From the Newsroom

Honour for 54 years of volunteer fire fighting service

Battling bushfires across the state and managing emergency response situations for 54 years has seen Gulmarrad Rural Fire Service member Brian Williams awarded an Order of Australia medal in this month’s Queen’s Birthday honours.

Speaking to the Independent from the Northern Territory oasis of Mataranka while enjoying a well-deserved retirement ‘lap’ of Australia, Mr Williams said he first joined the RFS Wamberal Brigade on the NSW Central Coast.  

“I’ve been a member of the RFS since I was 16, since about 1967,” he said.

“I joined as a volunteer and worked my way up through all the roles to brigade captain.

“In all those years with the RFS, I have worked very closely with the SES in search and rescues, in floods and emergency situations.”

Mr Williams’ ascendency through the RFS ranks continued while he worked full-time as a bricklayer on the Central Coast.

“After several years I became a group officer, still as a volunteer, where I was in control of seven brigades on the Central Coast, all within the Gosford shire,” he said.

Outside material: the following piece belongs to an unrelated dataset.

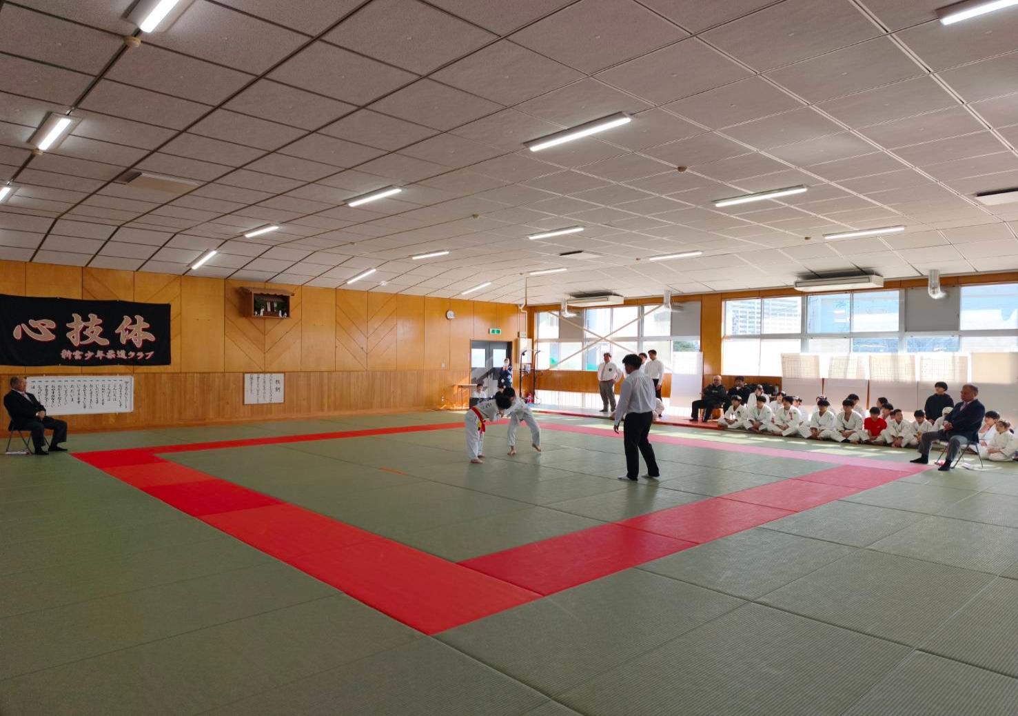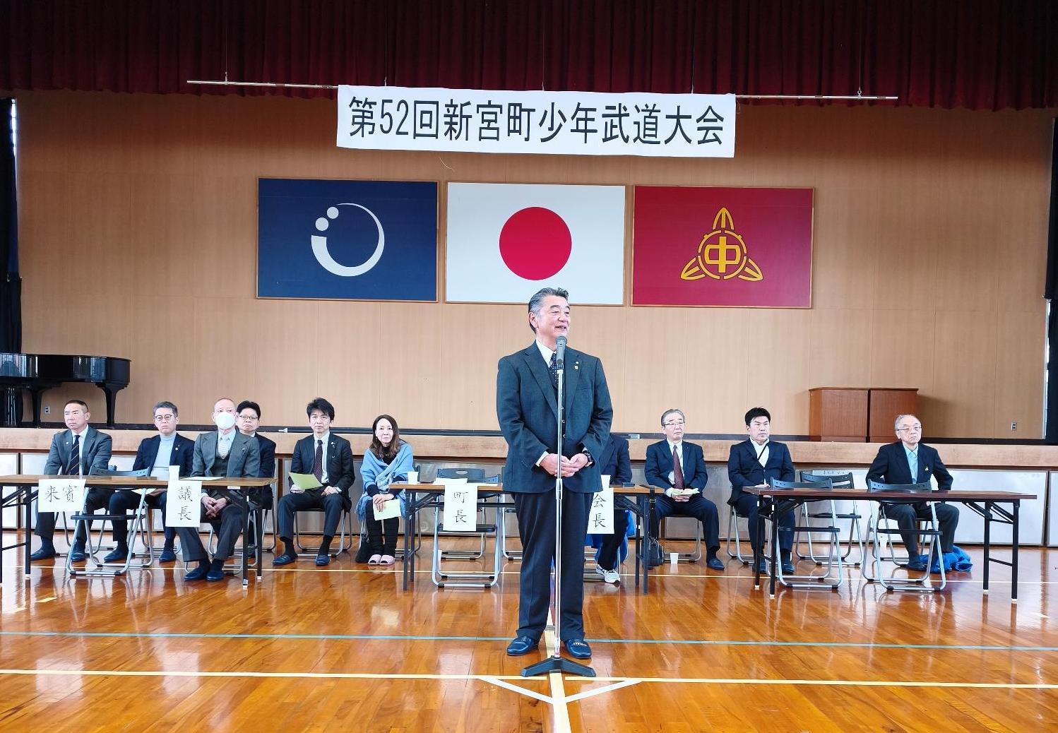 新宮町スポーツ協会主催「第52回新宮町少年武道大会」が、新宮中学校体育館および柔道場で開催されました。本大会には、新宮町内の小中学生を中心に多くの選手が参加し、剣道と柔道の日頃の稽古の成果を発揮されました。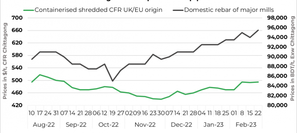 SteelMint assessed domestic rebar prices at BDT 96,000/t ($898/t) exw-Chittagong, up by BDT 1,000/t. Following suit, mills in Dhaka increased their rebar offers by BDT 1,000-2,000/t w-o-w. Fresh offers are now at BDT 91,000-92,000/t ($851-859/t).

“I did that for 20 years and everyone kept saying ‘you ought to turn this volunteer thing into a full-time job’.

“The paid staff were always asking me to come and work full-time, because of my fire knowledge, my skills in the bush and operational skills.”

Finally, after more than 30 years as an RFS volunteer, Mr Williams ditched his trowel and mud board for a paid position.

“I ended up joining the service full-time in 2004,” he said.

“I got transferred to Tumut as a Learning and Development Officer and then from there I got transferred to Grafton.”

Since 2006 when he arrived in the Clarence Valley, Mr Williams has been the Operations Manager in some of the biggest blazes the region has seen.

“I started at the Ulmarra office when I came up here as the Operations Manager for the Clarence Valley,” he said.

This was a role he performed until 2014, when he retired as a full-time RFS employee.

“The whole time I was employed by the service I was still a volunteer with a local brigade and since we moved to the Clarence Valley, I have been a member of the Gulmarrad brigade,” he said.

While he continued to volunteer with the Gulmarrad RFS after his retirement from his full-time role, his services were called on when the 2019/2020 Black Summer bushfires devastated the region.

“I’d already retired, and I was asked to come back to work for three months as the Operations Manager again for the Clarence Valley,” he said

“There were a lot of long hours by local staff and myself until we could get resources from around the state and get on top of the situation.

“Then I was responsible for deploying RFS members from the Clarence Valley to other areas of the state to assist with major fires throughout NSW.”

During his decades of service, saving properties and lives in extremely dangerous situations, Mr Williams said he made many life-long friends.

“We have an ethos within the community of the RFS that we are one big family,’ he said.

“We deal with situations and things as part of emergency services and emergency response that ordinary people don’t see.”

He credited the support and processes of the RFS ‘family’ with helping him cope with the dark sides of the job.

“I’ve been to some horrific crashes in my time, one where there were seven dead in a car, including five children,” he said.

“That’s why in the RFS we have debriefs together after events because what we do isn’t the ordinary, we have got to do some extraordinary things and be in some extraordinary situations and then have to go on with the rest of our lives.

“We always like to make sure we have close bonds with everyone in the brigade and in the service to support each other.”

Mr Williams said he was humbled and honoured to be announced as the recipient of an Order of Australia on the Queen’s Birthday honours list on June 13.

He will continue his travels around Australia but hopes to coordinate a two-week trip ‘home’ in spring to receive his medal at the investiture, at a date yet to be set.